Его звали Сергей Михайлович
- Серёга, спишь что ли?
Незнакомый женский голос отвечает, тихо: «Он умер».
- Э-э, подождите, женщина! Как это у…
Снова шорох, потом тишина. Соображаю: «Да быть такого не может! Крепкий мужчина, на прошлой неделе разменял полтинник, не курит, пьёт разумно, как сапиенс-середняк…» Звоню.
- Женщина, простите, как понимать ваши слова?
- Тромб.
Опять тишина. Жуткая, холодная. Тискаю мобильник в ладони, злюсь. Голос и слова, что наговорила эта виртуальная особа, хочется бросить в снег. Бросить и растоптать, как крысу, сбежавшую с помойки.
Не верю! Блеф, зависть, розыгрыш! Сергей, друг мой неуёмный, твоей лучистой харизме кто только не завидовал! Крохотные человечки лезли из кожи вон, опутывая тебя, как Гулливера, паутиной наветов и злобных помыслов. Тебя отовсюду исключали и вновь принимали, ведь ты можешь сдвинуть то, что никто другой даже пошевелить не в силах. С какой стати я должен верить этой безликой импортной говорушке? Да нет же, конечно, нет. Моська слона загавкала!

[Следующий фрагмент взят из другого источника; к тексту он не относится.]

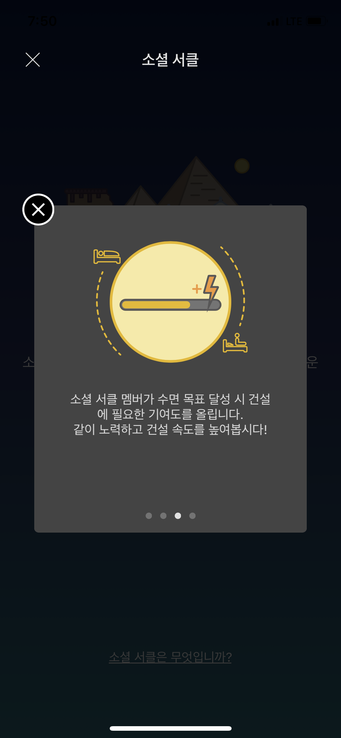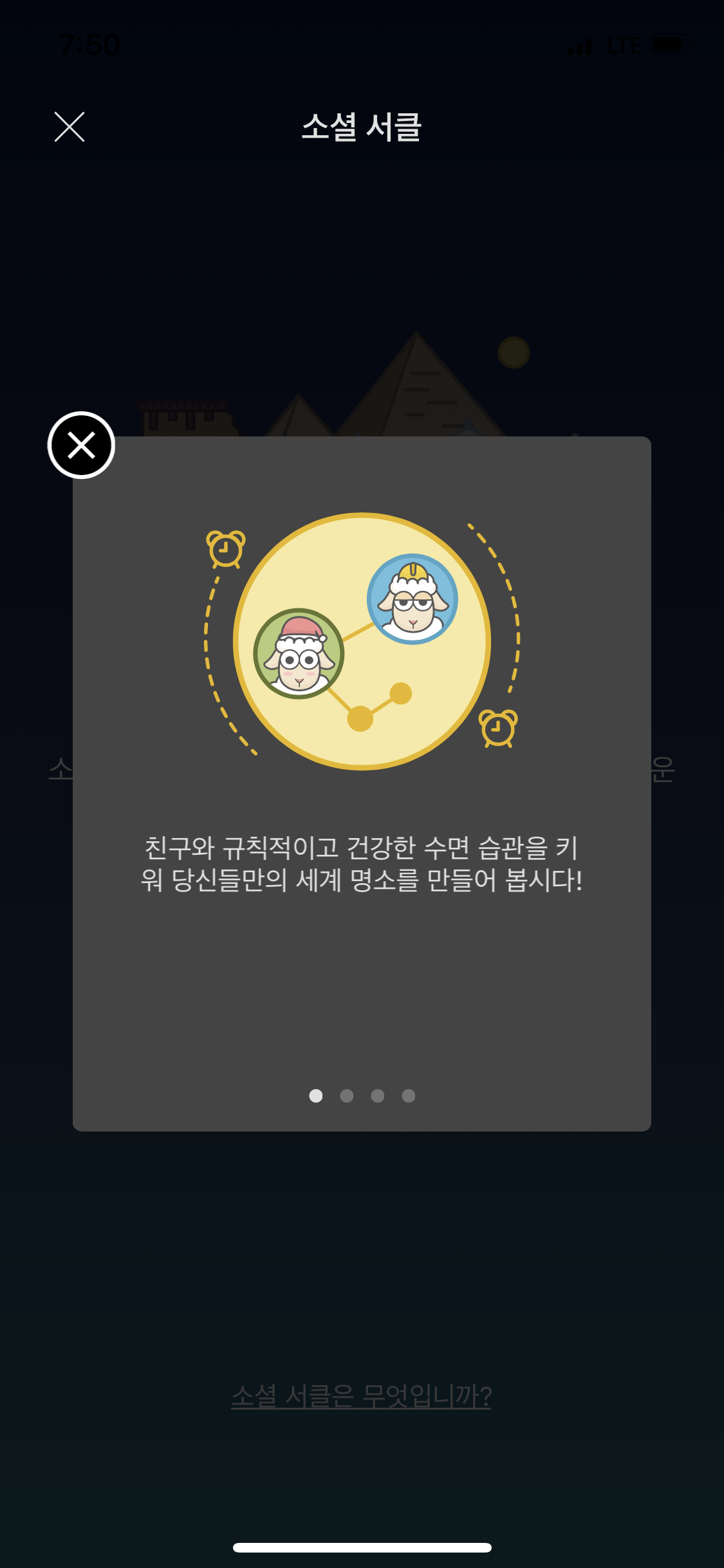 소셜 서클 메뉴입니다. 친구와 함께 건강한 수면습관을 만들 수 있게 도와주는 어플입니다. ㅎㅎ

Меняю маршрут и бегу к дому, где живёт Сергей. Веселей, дружище! Кому ты поверил? Звоню, трогаю ручку. Открыто... Переступаю порог, вхожу и вдруг задерживаюсь на коврике перед дверью. Робость и болезненное ощущение утраты проникают в тело со струйкой воздуха из дальней комнаты, где лежит что-то мёртвое, видимо… До смерти шесть-семь шагов, гораздо ближе, чем до товарища, к которому я бежал в надежде увидеть жизнь. Наверное, я бежал слишком медленно. Утреннее солнце не дождалось меня, зашло. И Сергей - светлый человек! - сбросил тело, как змеиную шкурку, и исчез вместе с солнцем…
- Проходите, - тихо сказала женщина, - Серёжа там.
Господи, это же Валентина!
- Простите, Валя, - ответил я, неловко выходя вон.
Я вернулся домой и, не снимая пальто, направился в кабинет.
- Что-то случилось? – спросила из кухни жена.
- Говорят, Сергей Михайлович умер, - ответил я.
- Что?!
- Не знаю, Маша, ничего не знаю. Оставь меня, очень тебя прошу.
Подсев к рабочему столу, я стал растерянно перебирать бумаги, но мысли всё время возвращали меня в квартиру Сергея. Почему не подошёл, не встал рядом? С кем, с товарищем? Или со смертью... Вдруг я понял причину своего странного и «жестокого» поступка. Образ смеющегося Сергея был моим оберегом. Я мог шагнуть за оберег и, припав в слезах к мёртвому телу, навсегда потерять друга как живую частицу самого себя.
Помню ужас, который я испытал, когда по каналу «Культура» показали немощного Вознесенского с трубкой в горле и металлической мембраной в голосе. Трибуна, птицу, взлетавшую над Эверестом, человека, утверждавшего, что он никогда не умрёт, что его ждёт иное предназначение, вывели на показ как полуживую тварь. Зачем?! Воспоминание об этой отвратительной киносъёмке искусительно. Оно «портит» мою любовь к личности Вознесенского, подобно безумцу, посекающему ножом картину Рембрандта. Образ поэта гарцует передо мной не в мантии пророка, идущего сквозь толпу к трибуне, но в карнавальной маске израненного божка;, упавшего не то с Эвереста, не то… Вот почему я не решился заглянуть в безликое пространство смерти и над мёртвым телом пролить слезу подленького гранитного участия – помним, любим, скорбим…
Я достал из буфета отложенную на праздник бутылку водки «Белуга», принёс с кухни два стакана, хлеб. Налил, выпил, второй стакан выплеснул в форточку.
- Пей, Сергей Михайлович, ты теперь повсюду. Там и встретимся!